Blindato da una maggioranza pressoché intoccabile, il Comune di Maenza nel 2010 non ha vissuto grossi scossoni politici. La giunta Mastracci è andata avanti spedita nella sua strada, riuscendo a votare in consiglio tutte le proposte avanzate.

A volte con l'astensione dell'opposizione, a volte con il voto contrario, ciò che il sindaco e i suoi assessori hanno portato in assise, è sempre stato ratificato. In queste votazioni dall'esito scontato, hanno visto la genesi tante iniziative che hanno dato vita a svariati mutamenti.
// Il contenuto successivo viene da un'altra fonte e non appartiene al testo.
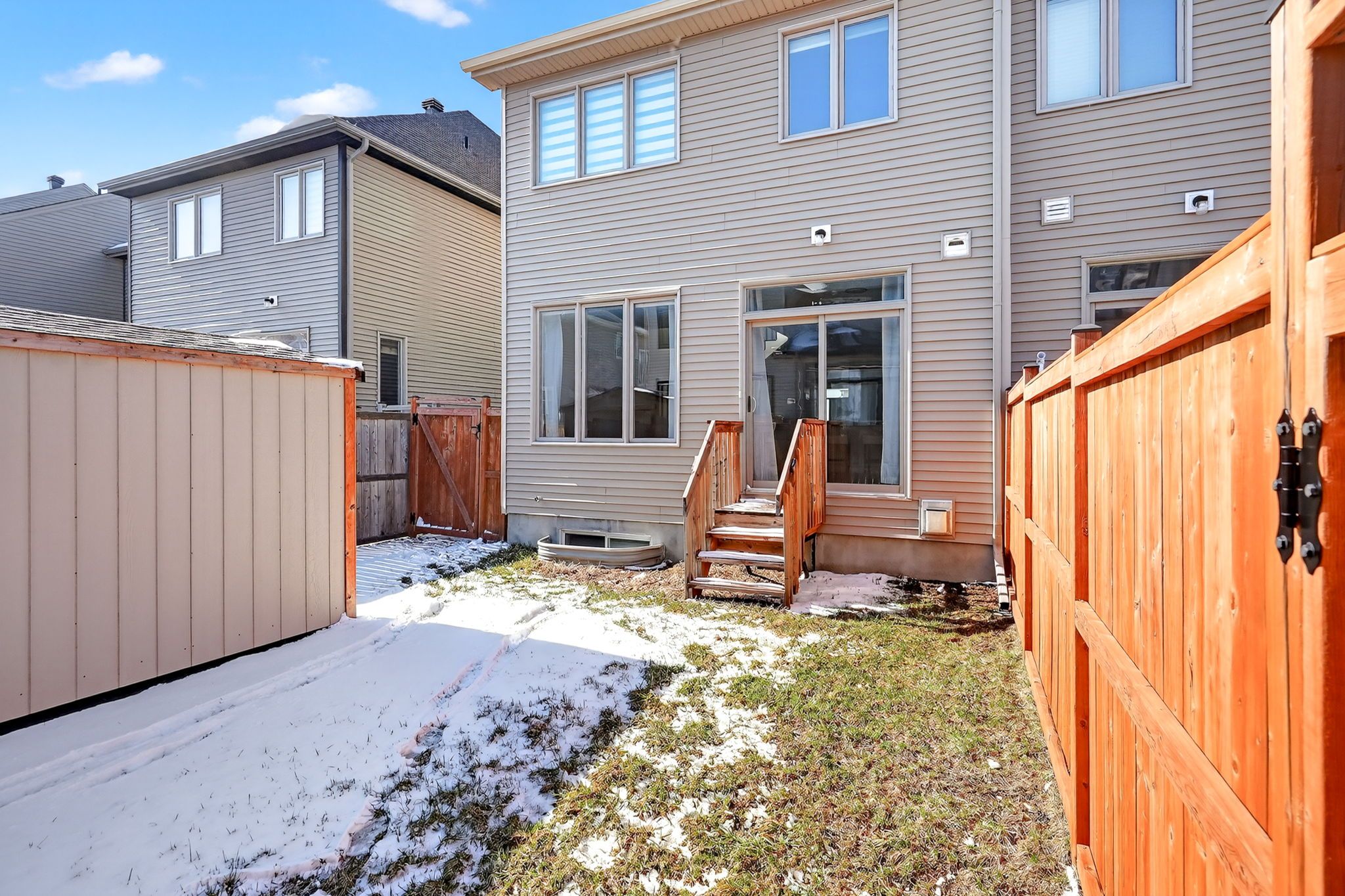 Open house sunday april 12, 2026 from 2 pm - 4 pm. Welcome to 112 jardiniere street! This bright and spacious end-unit townhouse offers approximately 2,171 sq. Ft. Of thoughtfully designed living space, combining modern finishes, functional layout, and exceptional natural light throughout. A beautifully upgraded ambrosia model by tartan homes, ideally located in the heart of family-friendly stittsville. The open-concept main level features 9-ft ceilings, hardwood flooring, and additional side windows unique to end units, creating an airy and welcoming atmosphere. The upgraded kitchen is both stylish and practical, complete with premium cabinetry and counters, stainless steel appliances, a large island with breakfast bar seating, and a generous walk-in pantry-perfect for everyday living and entertaining. Upstairs, hardwood continues throughout, leading to an impressive primary retreat with 2 walk-in closets and upgraded ensuite. Two additional well-sized bedrooms share a full bath, while the convenient second-floor laundry makes daily routines effortless. The finished lower level expands your living space with a cozy gas fireplace, large windows for added natural light, and flexible room for a media area, play space, or home office, plus excellent storage or space for a gym! Thoughtful updates throughout the home include a new furnace (2021), fenced backyard (2025), removal of carpets on the stairs and in the basement (2023), and the addition of a backyard shed (2024), adding both comfort and long-term value. Located close to schools, parks, recreation, shopping, transit, and everyday amenities, this move-in ready home offers the perfect blend of comfort, convenience, and community living in one of stittsville's most desirable neighbourhood settings.

A livello estetico e di strutture Maenza ha cambiato molto il suo volto e se l'abbellimento alle porte del centro storico, così come lo fu per il Belvedere, e le facciate della Chiesa e della Scuola in Piazza Santa Reparata, trovano tutti d'accordo, altre questioni restano invece di discutibile interpretazione. Lo spostamento delle scuole nel plesso a San Rocco pochi mesi dopo l'ultimazione dei lavori nel plesso in piazza, così come la scelta di aprire i cantieri nel plesso che ospita elementari e medie proprio durante l'anno scolastico. Oppure l'abbandono del centro storico a fronte dei lavori di restyling nelle zone di accesso ad esso. I maggiori allarmi però sono venuti dalla situazione Cultura, a cominciare dalle tante feste perse strada facendo, ai tanti eventi flop messi in campo. Su tutti la presentazione in pompa magna di un centro commerciale che non c'è, oppure un museo del paesaggio che stenta a decollare ma che ha già un direttore. A ciò, come detto, si aggiungano feste andate via, i presepi e la sagra delle Crespelle a chiudere un anno orribile che anche durante la Sagra delle Ciliegie ha visto un minimo di affluenza precoccupante, per non parlare degli eventi fatti al Castello e che uniti insieme conteranno circa poche migliaia di spettatori. Dal punto di vista politico extra assise, al segretario di Rifondazione Sandro Pucci va la palma di più attivo anche se la predilezione di alcune tematiche, a discapito di altri discorsi forse meno pratici ma più tecnici ne ha smussato l'efficacia. In ottica PD, continua la segreteria di Cacciotti, la grande estromessa dalle urne nel 2009.